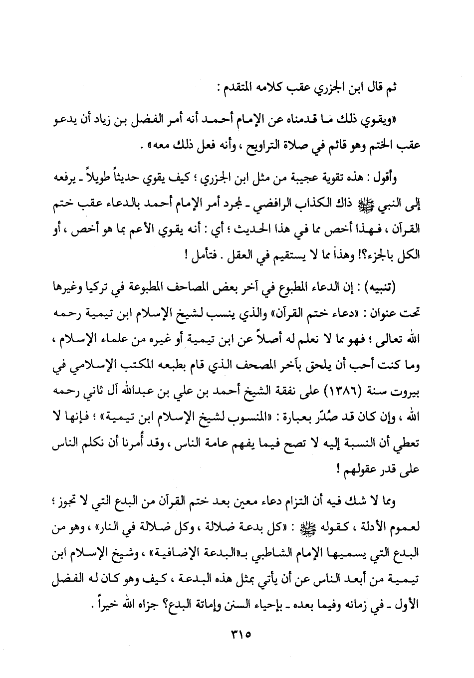 "ويقوي ذلك ما قدمناه عن الإمام أحمد أنه أمر الفضل بن زياد أن يدعو
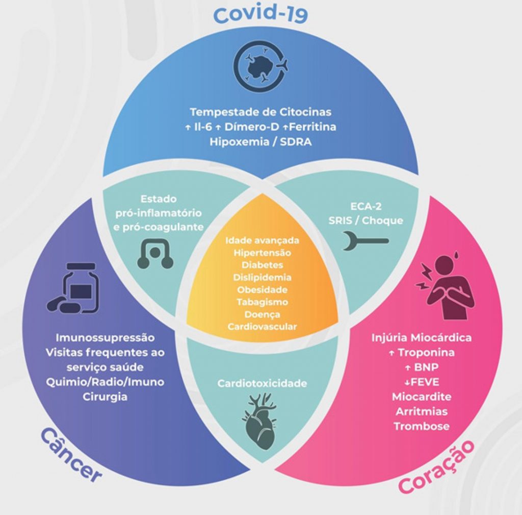 – Interseção entre o câncer, o coração e a COVID-19. A hipertensão, idade avançada, diabetes, obesidade e tabagismo são fatores de risco comuns às três doenças. O manejo no câncer na COVID-19 visa evitar visitas desnecessárias aos serviços de saúde, uma vez que estes pacientes sob tratamento oncológico são imunossuprimidos e mais suscetíveis ao desenvolvimento de complicações da COVID-19. As formas graves da COVID-19, manifestadas por hipoxemia e síndrome do desconforto respiratório agudo, decorrem de processo inflamatório sistêmico, com elevações de citocinas inflamatórias e fatores pró-trombóticos. As complicações cardiovasculares são frequentes nessa população, como trombose, arritmias, miocardite e disfunção ventricular. ECA2: enzima conversora de angiotensina 2; FEVE: fração de ejeção do ventrículo esquerdo; IL-6: interleucina-6; SDRA: síndrome do desconforto respiratório agudo; SRIS: síndrome da resposta inflamatória sistêmica. Quimio: quimioterapia; Radio: Radioterapia; Imuno: imunoterapia.
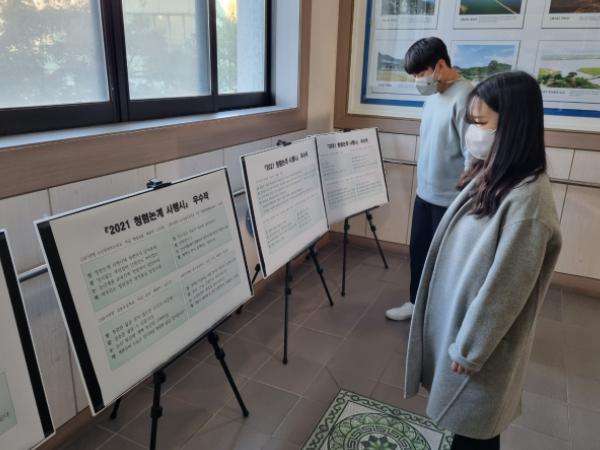 공모전에 선정된 우수작품들은 교직원뿐 아니라 외부 학생들이 자주 오고 가는 중앙 로비에 전시됐다.
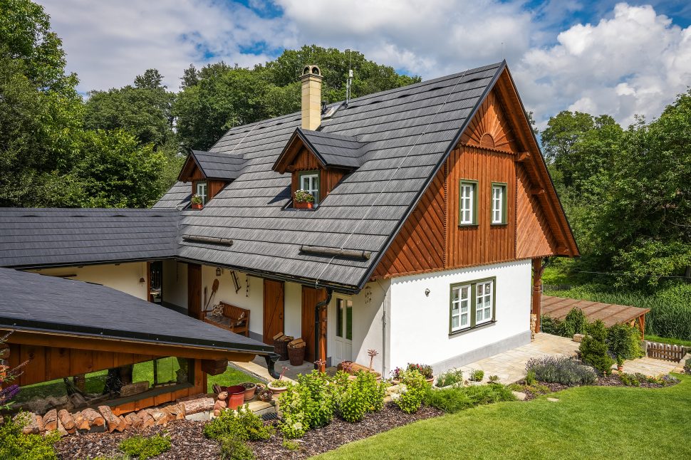 O tom, že práce kolem domu Ladislava opravdu baví, svědčí i perfektně upravená zahrada. Sklon pozemku skýtal mnoho výzev, majitel je ale ve spolupráci s místní zahradnickou firmou dokázal proměnit v přednosti. Zatímco přední část pod zápražím je osázená okrasnými jehličnany, travami i kvetoucími trvalkami, prostor bezprostředně za domem tvoří uzavřený dvůr, který se po většinu roku stává plnohodnotnou místností. Dominuje mu přístřešek s venkovní kuchyní, grilem a posezením, kde je díky snímatelným zástěnám příjemně po celý rok. Nechybí ani zázemí pro odpočinek v podobě sauny a vytápěného koupacího sudu. Další část zahrady, kterou přirozeně odděluje terénní převýšení, má tradičnější charakter se starou jabloní a ovocnými keři a nabízí kouzelné výhledy do okolní krajiny.
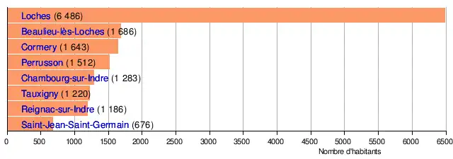 Comparaison de la population des 8 plus grandes communes de la CC Loches Développement en 2007 :
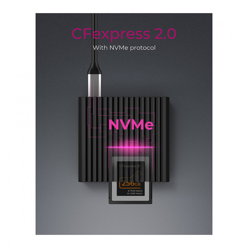A good mixture for the highest expectations: with USB 3.2 (Gen 2), data transfer rates of up to 10 Gbit/s are achieved. Together with the NVMe protocol of the CFexpress Type-B memory cards, this results in a highly performant combination. Copy your files at 1 GB per second!
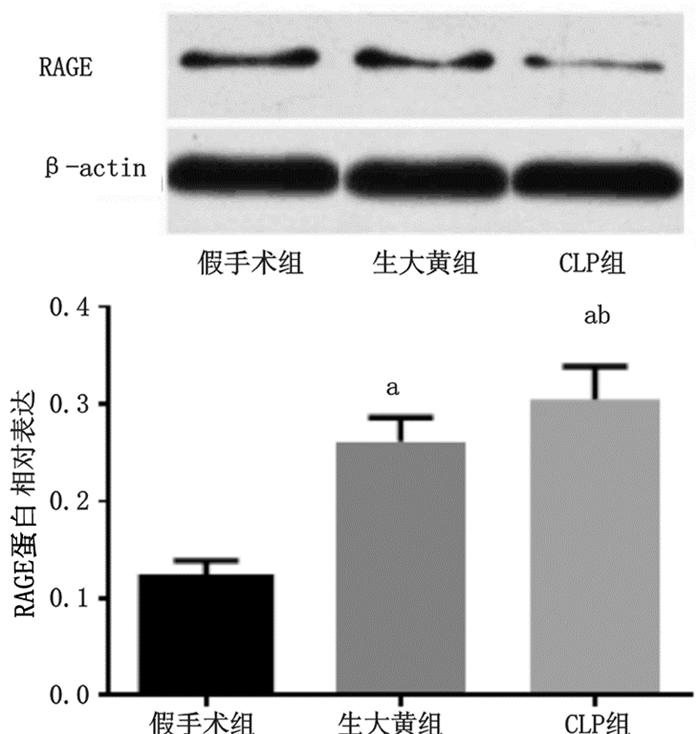与假手术组比较,aP<0.01 ;与生大黄组比较,bP<0.05 图 5 三组大鼠48 h小肠组织RAGE蛋白 Figure 5 Expression of RAGE protein in small intestine tissue at 48 hours after operation of three groups
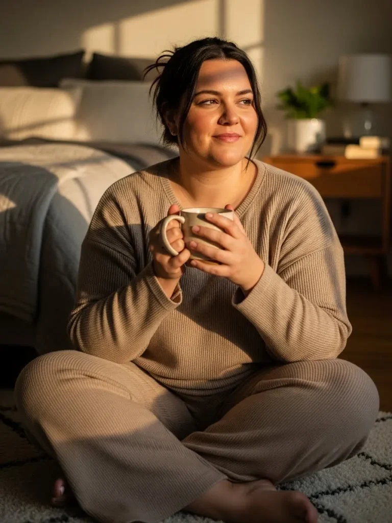 This outfit is the definition of soft winter comfort. The matching ribbed knit top and pants in a warm beige tone create the kind of cozy look that makes you want to curl up with a mug of something warm and stay there all morning. The fabric looks plush and stretchy with that gentle hug-your-body feel that makes loungewear irresistible. The relaxed fit, full sleeves, and wide leg pants bring a calm and effortless vibe, and the natural sunlight in the scene makes the whole look feel even warmer and more inviting.
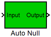 The Auto Null block is ideal for situations when using an analog device as an input. Analog Input devices’ zero state often drifts with some unknown DC Offset. The Auto Null block compensates for this by using a slow integrator to close the drift gap.
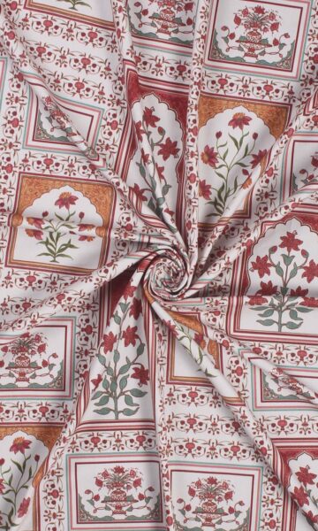 Bring home a piece of the royal palaces of India! This 100% cotton fabric teems with oriental themes of Mughal floral motifs and ‘jharokhas’ – the ornate oriel windows of classical Indian architecture. Inspired by the ancient art forms of the golden Thar desert, window dressings in this one-of-a-kind fabric will beautifully accentuate the eclectic bent of your maximalist or bohemian home.
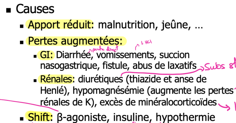 Quels sont les causes d’hypokaliémie?
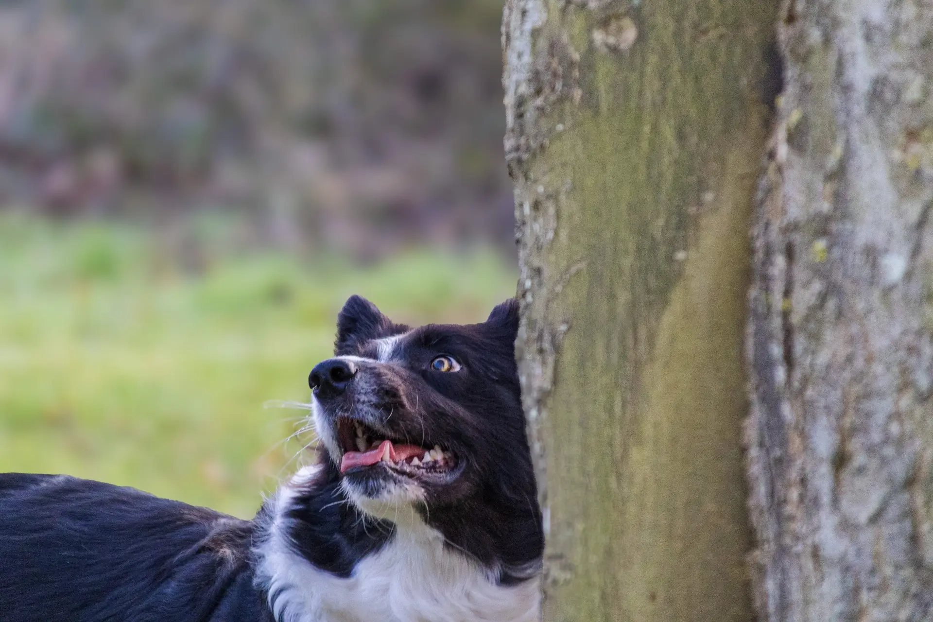 Ein neugieriger Hund schaut hinter einem Baum hervor. Authentisches Hundefoto von Anke’s Fotoshooting in Großheide.
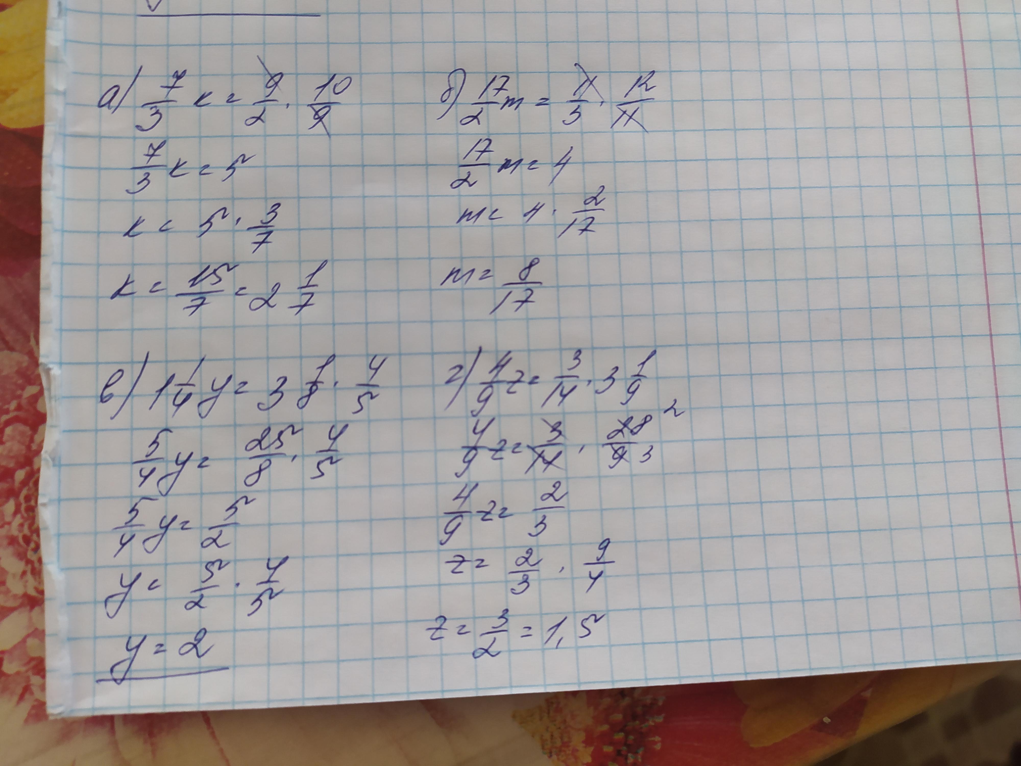 в) у : 4/5= 3 1/8 : 1 1/4
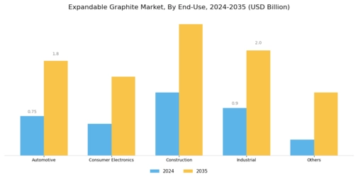 The Global Expandable Graphite Market Industry benefits from the increasing applications of expandable graphite in the electronics sector. Its unique properties, such as thermal conductivity and electrical conductivity, make it an ideal material for heat management in electronic devices. As consumer electronics continue to evolve, manufacturers seek materials that can enhance device performance while ensuring safety. The growing trend of miniaturization in electronics further drives the demand for expandable graphite, as it can be incorporated into smaller components. This trend suggests a promising future for the Global Expandable Graphite Market Industry as it adapts to the needs of the electronics market.

•••

▶ **Work to be completed**:
For this exercise, reproduce exactly the lines of the records above from the one with "공모전에 선정된 우수작품들은" up to and including the one with "A good mixture", without pictures.

▶ **Written reply**:
 공모전에 선정된 우수작품들은 교직원뿐 아니라 외부 학생들이 자주 오고 가는 중앙 로비에 전시됐다.
 O tom, že práce kolem domu Ladislava opravdu baví, svědčí i perfektně upravená zahrada. Sklon pozemku skýtal mnoho výzev, majitel je ale ve spolupráci s místní zahradnickou firmou dokázal proměnit v přednosti. Zatímco přední část pod zápražím je osázená okrasnými jehličnany, travami i kvetoucími trvalkami, prostor bezprostředně za domem tvoří uzavřený dvůr, který se po většinu roku stává plnohodnotnou místností. Dominuje mu přístřešek s venkovní kuchyní, grilem a posezením, kde je díky snímatelným zástěnám příjemně po celý rok. Nechybí ani zázemí pro odpočinek v podobě sauny a vytápěného koupacího sudu. Další část zahrady, kterou přirozeně odděluje terénní převýšení, má tradičnější charakter se starou jabloní a ovocnými keři a nabízí kouzelné výhledy do okolní krajiny.
 Comparaison de la population des 8 plus grandes communes de la CC Loches Développement en 2007 :
A good mixture for the highest expectations: with USB 3.2 (Gen 2), data transfer rates of up to 10 Gbit/s are achieved. Together with the NVMe protocol of the CFexpress Type-B memory cards, this results in a highly performant combination. Copy your files at 1 GB per second!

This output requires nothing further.